▸ **GIVEN INFORMATION**:
----

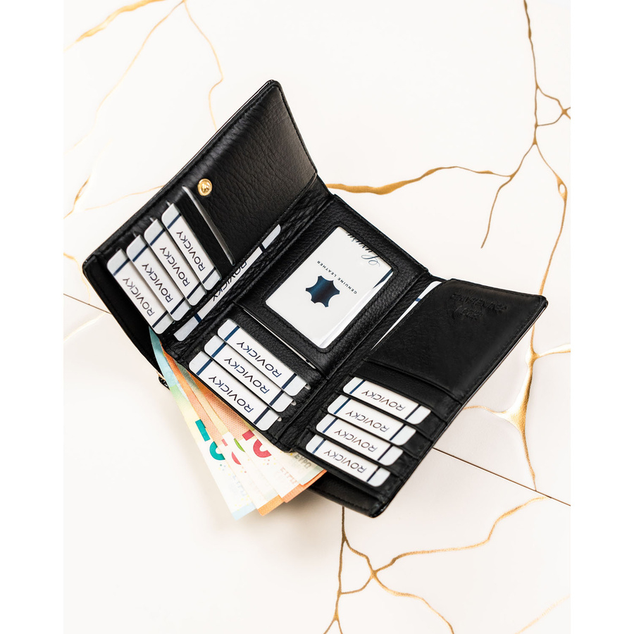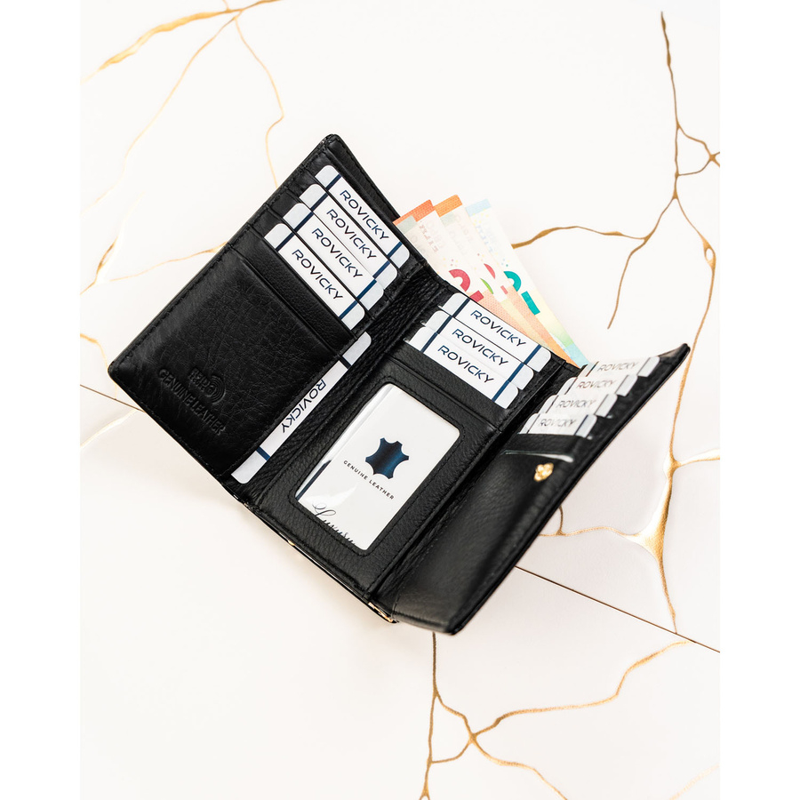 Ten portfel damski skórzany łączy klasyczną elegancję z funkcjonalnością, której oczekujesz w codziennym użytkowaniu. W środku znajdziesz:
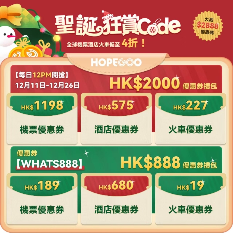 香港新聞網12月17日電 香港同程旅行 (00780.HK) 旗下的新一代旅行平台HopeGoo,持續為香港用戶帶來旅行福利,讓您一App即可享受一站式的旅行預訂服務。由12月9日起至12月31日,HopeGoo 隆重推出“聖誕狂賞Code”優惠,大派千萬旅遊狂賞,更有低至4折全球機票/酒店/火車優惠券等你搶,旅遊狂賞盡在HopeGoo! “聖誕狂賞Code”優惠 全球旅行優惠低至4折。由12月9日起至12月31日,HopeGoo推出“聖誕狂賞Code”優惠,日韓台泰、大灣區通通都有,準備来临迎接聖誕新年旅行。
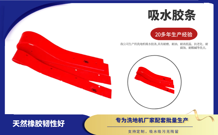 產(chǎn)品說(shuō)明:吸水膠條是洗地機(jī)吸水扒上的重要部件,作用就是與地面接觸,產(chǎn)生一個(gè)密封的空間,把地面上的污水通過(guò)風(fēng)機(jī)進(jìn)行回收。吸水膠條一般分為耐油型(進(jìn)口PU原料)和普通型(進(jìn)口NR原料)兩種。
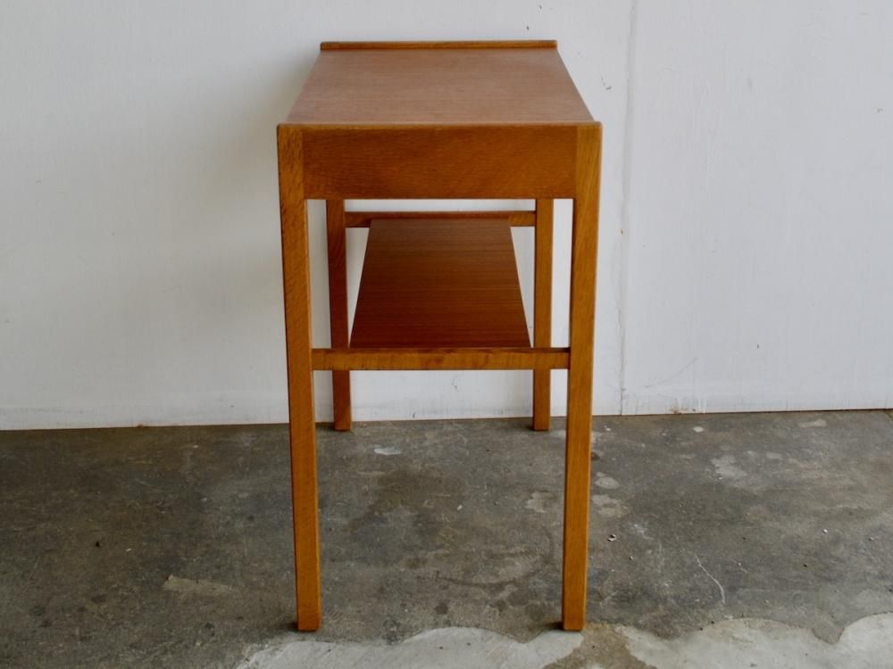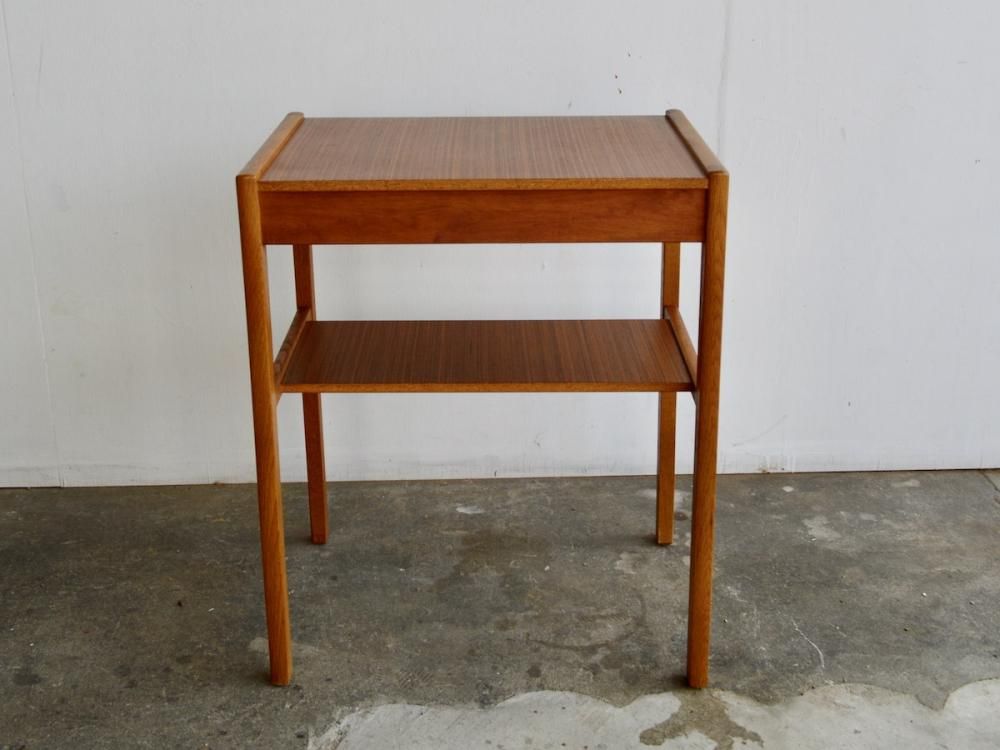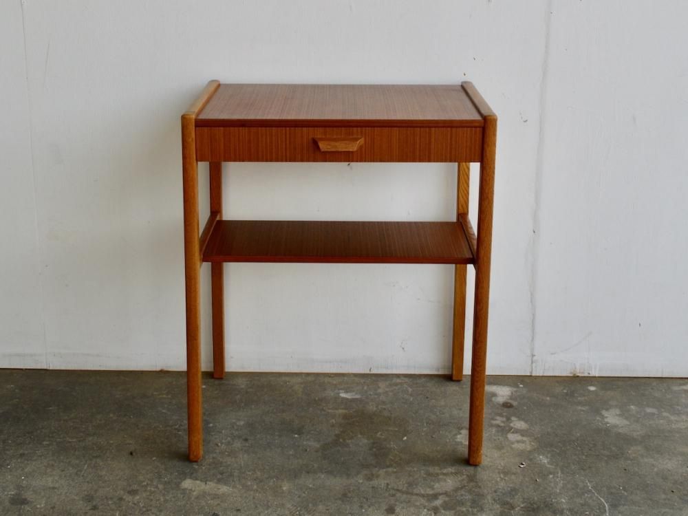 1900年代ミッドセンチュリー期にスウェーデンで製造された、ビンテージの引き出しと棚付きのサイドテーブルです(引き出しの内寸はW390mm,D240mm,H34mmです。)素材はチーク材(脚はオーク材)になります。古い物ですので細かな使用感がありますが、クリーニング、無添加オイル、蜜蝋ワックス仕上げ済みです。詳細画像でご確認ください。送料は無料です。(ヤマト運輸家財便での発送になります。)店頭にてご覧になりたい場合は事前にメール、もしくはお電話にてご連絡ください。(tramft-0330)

----

▸ **YOUR ASSIGNMENT**: If the listing above includes images, copy every line of it exactly except those images.

▸ **SOLUTION BELOW**:
 Ten portfel damski skórzany łączy klasyczną elegancję z funkcjonalnością, której oczekujesz w codziennym użytkowaniu. W środku znajdziesz:
 香港新聞網12月17日電 香港同程旅行 (00780.HK) 旗下的新一代旅行平台HopeGoo,持續為香港用戶帶來旅行福利,讓您一App即可享受一站式的旅行預訂服務。由12月9日起至12月31日,HopeGoo 隆重推出“聖誕狂賞Code”優惠,大派千萬旅遊狂賞,更有低至4折全球機票/酒店/火車優惠券等你搶,旅遊狂賞盡在HopeGoo! “聖誕狂賞Code”優惠 全球旅行優惠低至4折。由12月9日起至12月31日,HopeGoo推出“聖誕狂賞Code”優惠,日韓台泰、大灣區通通都有,準備来临迎接聖誕新年旅行。
 產(chǎn)品說(shuō)明:吸水膠條是洗地機(jī)吸水扒上的重要部件,作用就是與地面接觸,產(chǎn)生一個(gè)密封的空間,把地面上的污水通過(guò)風(fēng)機(jī)進(jìn)行回收。吸水膠條一般分為耐油型(進(jìn)口PU原料)和普通型(進(jìn)口NR原料)兩種。
 1900年代ミッドセンチュリー期にスウェーデンで製造された、ビンテージの引き出しと棚付きのサイドテーブルです(引き出しの内寸はW390mm,D240mm,H34mmです。)素材はチーク材(脚はオーク材)になります。古い物ですので細かな使用感がありますが、クリーニング、無添加オイル、蜜蝋ワックス仕上げ済みです。詳細画像でご確認ください。送料は無料です。(ヤマト運輸家財便での発送になります。)店頭にてご覧になりたい場合は事前にメール、もしくはお電話にてご連絡ください。(tramft-0330)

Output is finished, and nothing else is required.